START RECORDS

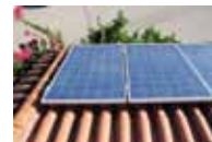
6. τα φωτοβολταϊκά
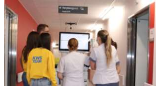
Uitrol Elektronisch Medicatievoorschrift
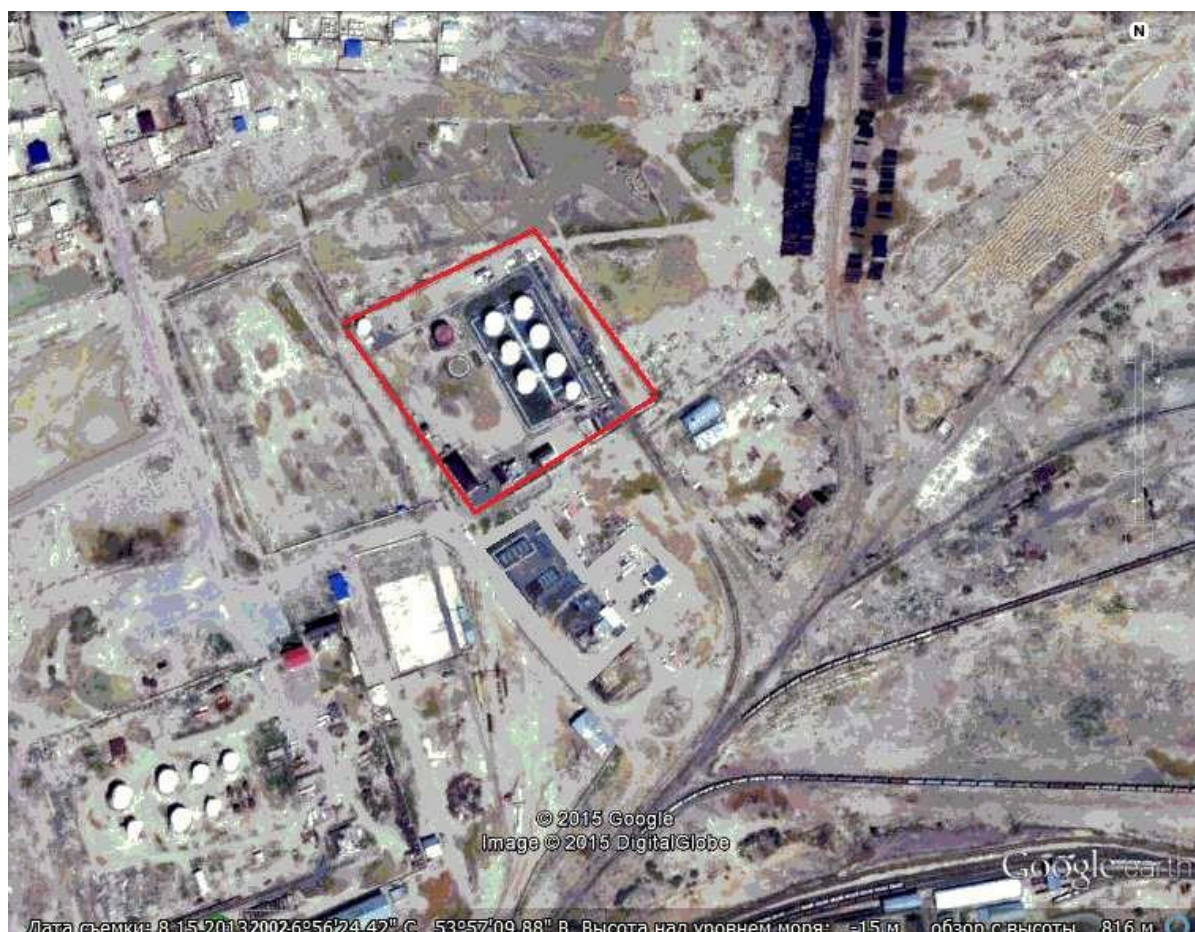
Рисунок 1.2. Карта схема расположения

Отделение нефти от пластовой воды происходит в двух отстойниках объемом 35 и 25 куб.м. Для обеспечения противопожарного запаса воды предусмотрена установка емкостей. Трубопроводы проложены наземно на низких опорах
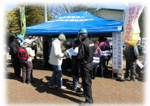
災害ボランティアセンター訓練の様子

本人が直接、越谷市社会福祉協議会地域福祉課へ（電話不可） 申込書等、詳しくは当会ホームページをご覧ください。
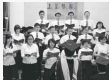
新生特輯 06 消息與代禱 10 教務處·神學體驗營 14 推廣教育中心課程 20
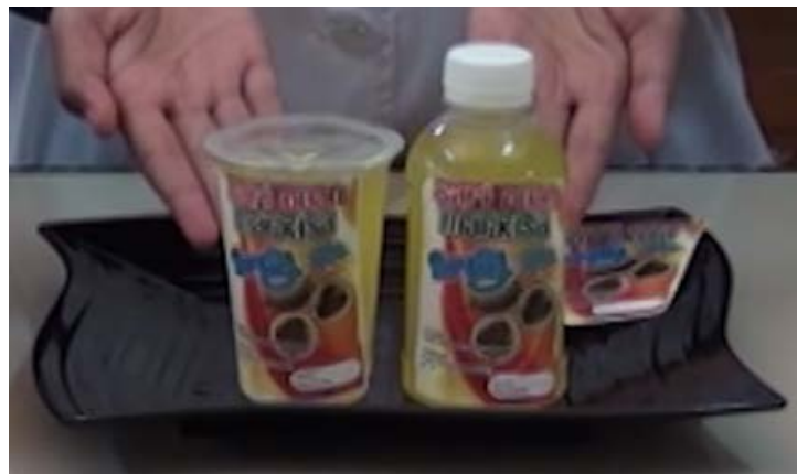
Gambar 33. Minuman Sari Markisa
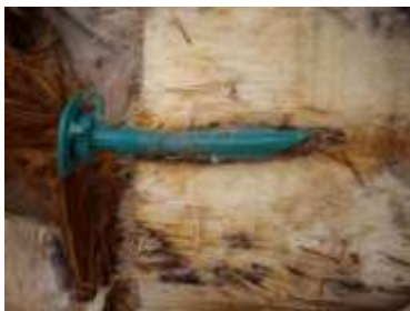
Corte de piqueta colocada
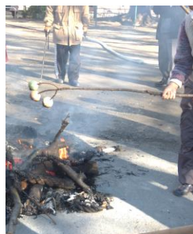
3色(白、赤、緑)のお団子を焼く

「市民センター、北消防署長後出張所などの協力により、やつと実施することが出来たのでこれからも継続できるように努力したい」と関係者は話す。
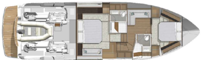
Lower lounge option
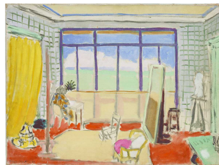
亨利·马蒂斯《在尼斯画室》
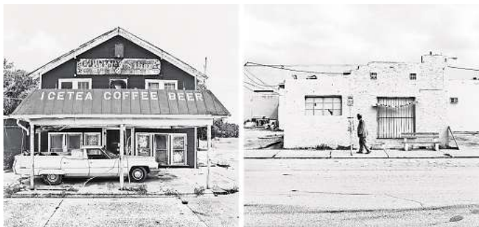
Die GAF zeigt Fotografien von Peter Rathmann.

Geöffnet ist die GAF Donnerstag bis Sonntag von 12 bis 18 Uhr bei freiem Eintritt. RED
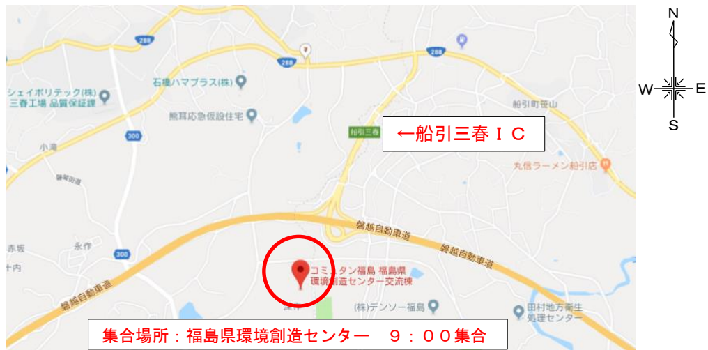
図-1 集合場所（福島県環境創造センター）
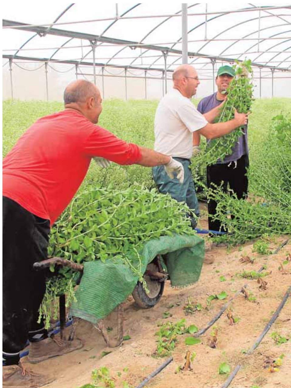
La primera recolección de stevia suma aún más actividad al Centro Especial de Empleo de Ajudisle.

Con esta situación y ante las perspectivas de futuro que pueden dejar a la remolacha como un cultivo testimonial, la stevia se presenta como una alternativa viable por la que ha apostado el Centro Especial de Empleo de Ajudisle y que apoya el grupo empresarial Algosur, que aprovecha la experiencia en el centro a modo de laboratorio para la posterior extensión del cultivo.
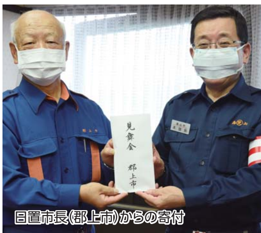
目置市長(郡上市)からの寄付
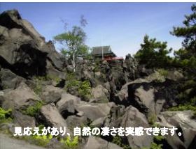
見応えがあり、自然の凄さを実感できます。
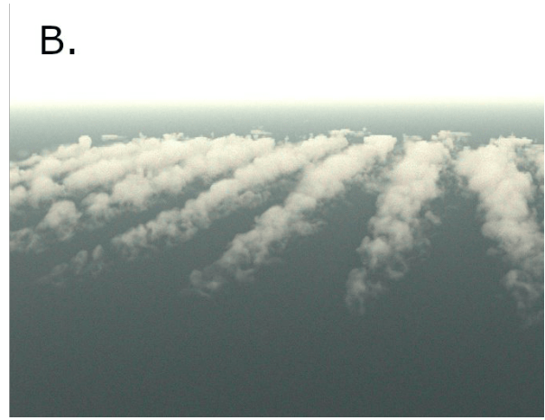
B. Simulation numérique du cas photographié. Joulin et al 2020.

L'excellence des compétences IFPEN en matière de « contrôle des systèmes » a été reconnue en 2019 à l'occasion d'une compétition internationale prestigieuse pour le domaine houlomoteur .
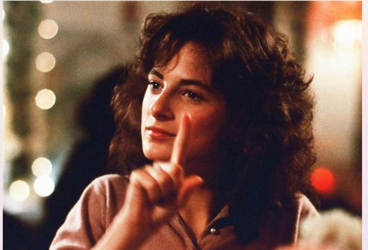
Marlee Matlin.
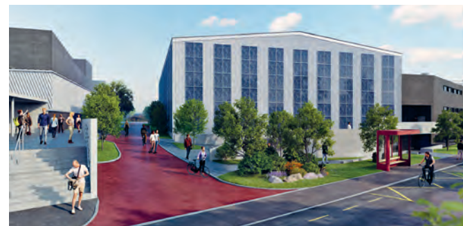
Visualisierung - Ansicht Schweizersbildstrasse
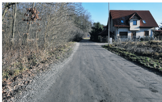
Obecnie Świerkowa nie spełnia podstawowych standardów - brakuje m.in. odwodnienia i oświetlenia

Wykonawcą zadania została firma Tom Trans Tomasz Walczak, która złożyła najkorzystniejszą ofertę w przetargu. Wartość kontraktu wynosi ponad 2 mln 325 tys. złotych.
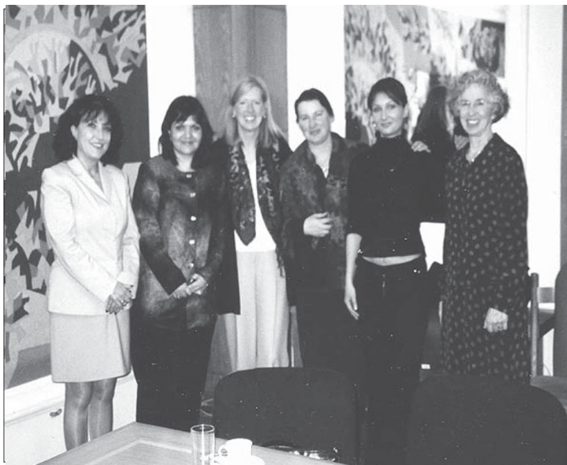
Команда и волонтеры Minnesota Advocates Women's Program с болгарскими деятельницами женских движений и представительницами законодательной власти.

Деятели и волонтеры Minnesota Advocates побывали в Болгарии в марте 2003 года для участия во встречах с парламентариями и журналистами по вопросам предложенных изменений в предписаниях. Журналистские интервью концентрировались на предлагаемых регулирований и способе, каким подобные решения были введены в Миннесоте. Очередной раз деятели и волонтеры Minnesota Advocates приехали в Болгарию в октябре 2003 года, чтобы
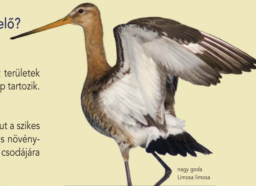
nagy goda Limosa limosa

A szikes gyepek szép példája a Tószegi-legelő is. Ide kötődő fajok például a sziki üröm, bárányparj, vékonyka útifű, heverő seprűfű, pozsgás zsásza és a védett kisészű aszat, valamint a nagy tűzlepke, vöröshasú unka, nagy goda.
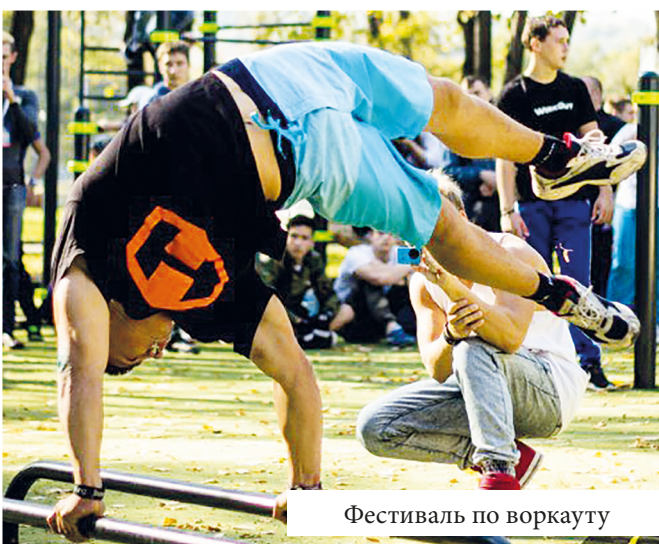
Фестиваль по воркауту
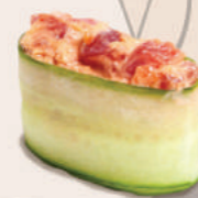
С ТУНЦОМ В ОГУРЦЕ 250
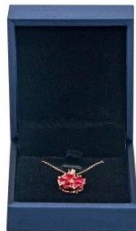
pendant box: 7.4*8.4*3.6
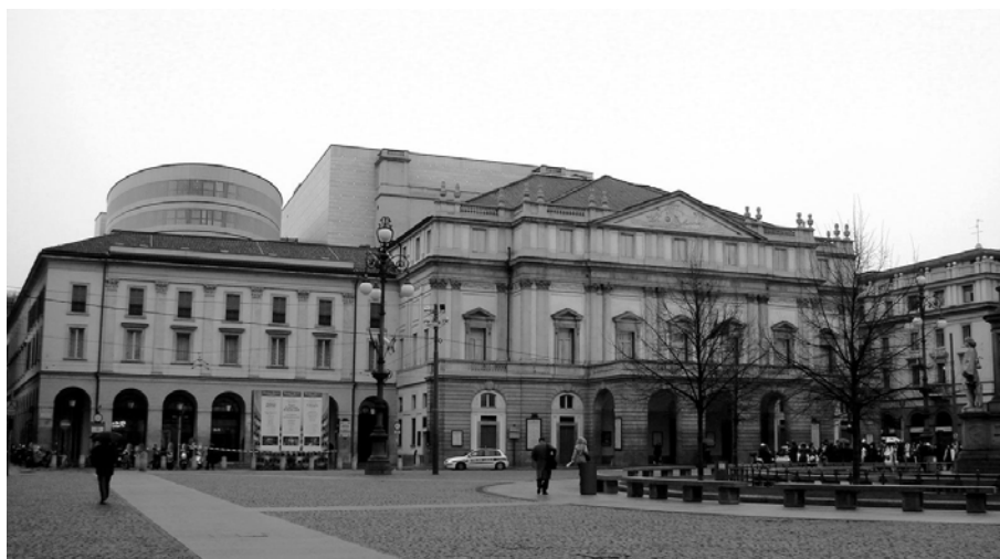
ミラノのオペラの殿堂スカラ座
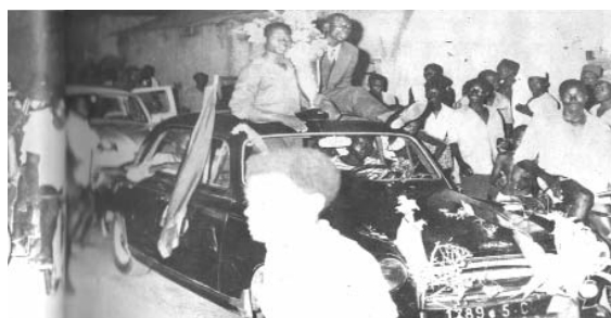
Le retour triomphal des héros de Dakar.

À peine les ex-colonies de la France ont-elles choisi la voie de l'indépendance en 1960 que sous l'impulsion du Général De Gaulle, Président de la République et de Maurice Herzog, son Ministre des Sports, l'alpiniste émérite vainqueur de l'Annapurna, que l'idée de créer des jeux sportifs en Afrique finit par se concrétiser avec la première édition des Jeux de l'Amitié à Tananarive en Avril 1960, la deuxième à Abidjan en Décembre 1961 et la troisième à Dakar en Avril 1963. En fait ces Jeux de l'Amitié étaient un tournoi amical entre les ex colonies françaises d'Afrique.

END RECORDS

WORK TO COMPLETE:
When a line above contains the string "nagy", copy that line.

EXERCISE OUTPUT:
nagy goda Limosa limosa
A szikes gyepek szép példája a Tószegi-legelő is. Ide kötődő fajok például a sziki üröm, bárányparj, vékonyka útifű, heverő seprűfű, pozsgás zsásza és a védett kisészű aszat, valamint a nagy tűzlepke, vöröshasú unka, nagy goda.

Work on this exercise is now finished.